How do you use the chain rule to differentiate #y=(4x^3-7)^4(3x+2)^10#?

I got:

#6(4x^3 - 7)^3(3x + 2)^9(44x^3 + 16x^2 - 35)#

If you can't validly modify your answer to match this one, you've mis-factored somewhere.

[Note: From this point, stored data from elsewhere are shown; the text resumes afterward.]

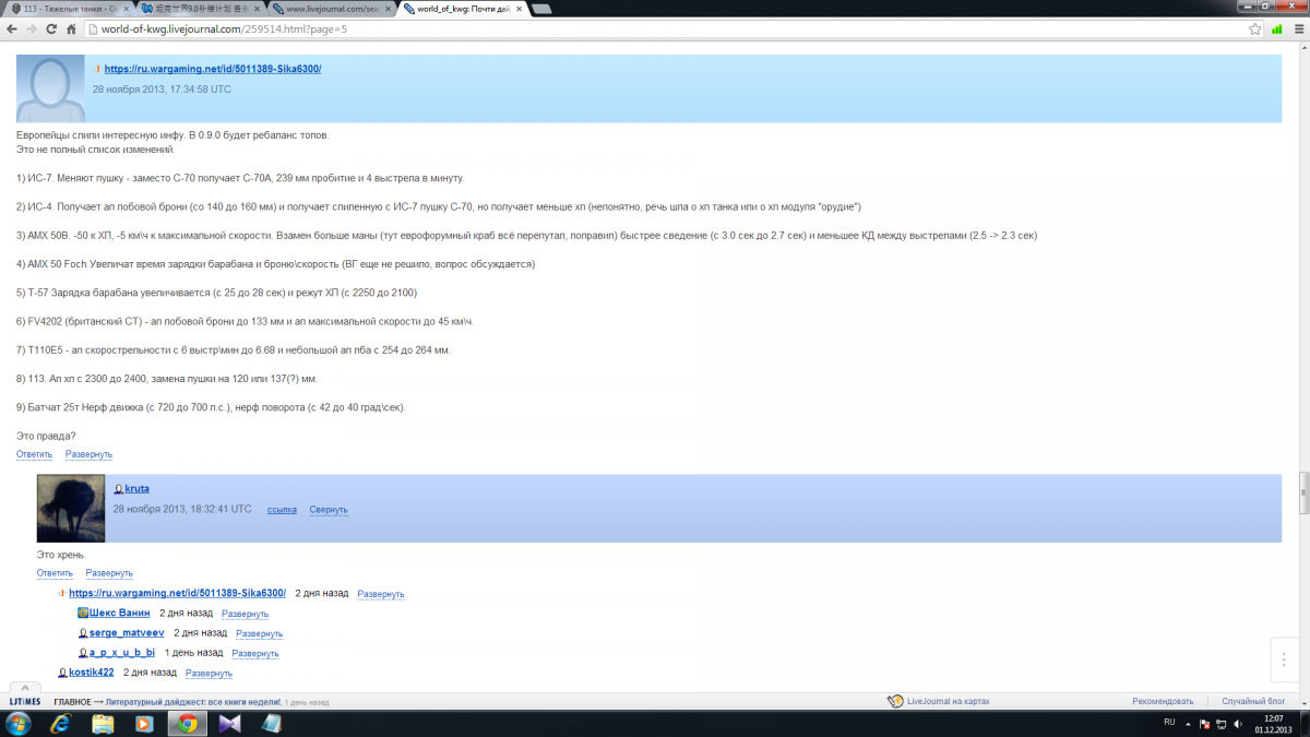 Поанализировал статистику иностранных серверов (EU, NA, SEA), там 113 в тройке уныло-непопулярных танков, на всех серверах его не качают как и ст10 брит и об. 263. По общему % побед он тоже внизу списка, как и по популярности. А вот 121 вполне себе и качают и показывают неплохие результаты. Кстати заметил на амер сервере совсем непопулярны пт, кол-во 268 и фочей чуть ли не в 10 раз меньше исов7, е100 и е5-х, а на европейском сервере 113 обгоняет по % е100 и ис4.
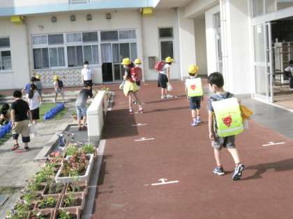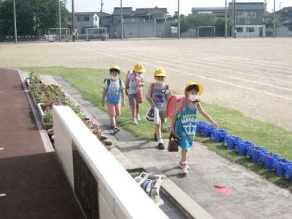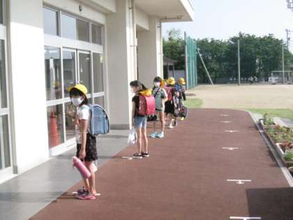 朝から快晴。今日も気温が高くなりそうです。児童は元気に登校しています。ソーシャルディスタンスに気をつけて!
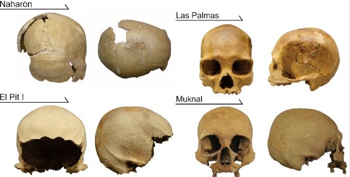 The four skulls analyzed in this study. Photos: Alejandro Terrazas Mata
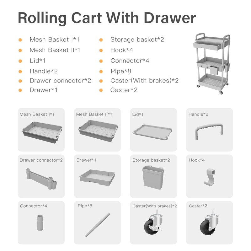 • Rolling tray Easy to Assemble: Shopping cart with wheels,which is quick and easy to assemble.REBECAT storage cart with clear instruction manuals that make it a breeze for anyone to put together.
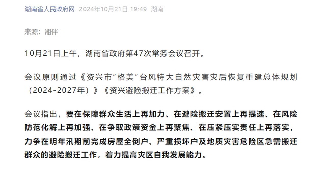 10月21日上午,湖南省政府第47次常務(wù)會議召開,會議原則通過了由湘咨集團編制的《資興市“格美”臺風(fēng)特大自然災(zāi)害災(zāi)后恢復(fù)重建總體規(guī)劃(2024-2027······
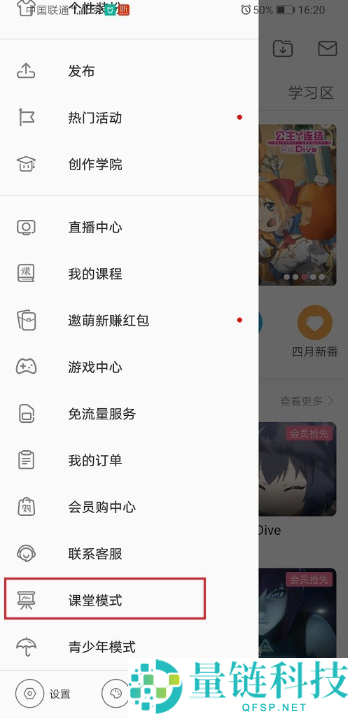 2、打开哔哩哔哩侧边栏之后,点击课堂模式开启;

You would use the product rule on these terms, and the chain rule while using the product rule.

Product Rule:

#\mathbf(d/(dx)[f(x)g(x)] = f(x)g"'"(x) + g(x)f"'"(x))#

Chain Rule:

#\mathbf(d/(dx)[f(g(x))] = f"'"(g(x))*g"'"(x))#

Therefore, what you have (without the chain rule) is:

#d/(dx)[(4x^3 - 7)^4(3x + 2)^10]#

#= (4x^3 - 7)^4*10(3x + 2)^9 + (3x + 2)^10*4(4x^3 - 7)^3#

Now, incorporate the chain rule to finish this step and get:

#= (4x^3 - 7)^4*10(3x + 2)^9*3 + (3x + 2)^10*4(4x^3 - 7)^3*12x^2#

Now, group terms before factoring:

#= 30(4x^3 - 7)^4(3x + 2)^9 + 48x^2(4x^3 - 7)^3(3x + 2)^10#

Factor out common terms:

#= (4x^3 - 7)^3[30(4x^3 - 7)(3x + 2)^9 + 48x^2(3x + 2)^10]#

#= (4x^3 - 7)^3(3x + 2)^9[30(4x^3 - 7) + 48x^2(3x + 2)]#

Factor a little bit more:

#= 6(4x^3 - 7)^3(3x + 2)^9[5(4x^3 - 7) + 8x^2(3x + 2)]#

And maybe distribute inner terms:

#= 6(4x^3 - 7)^3(3x + 2)^9(20x^3 - 35 + 24x^3 + 16x^2)#

#= color(blue)(6(4x^3 - 7)^3(3x + 2)^9(44x^3 + 16x^2 - 35))#

That's probably simplified enough. Either way, it's correct.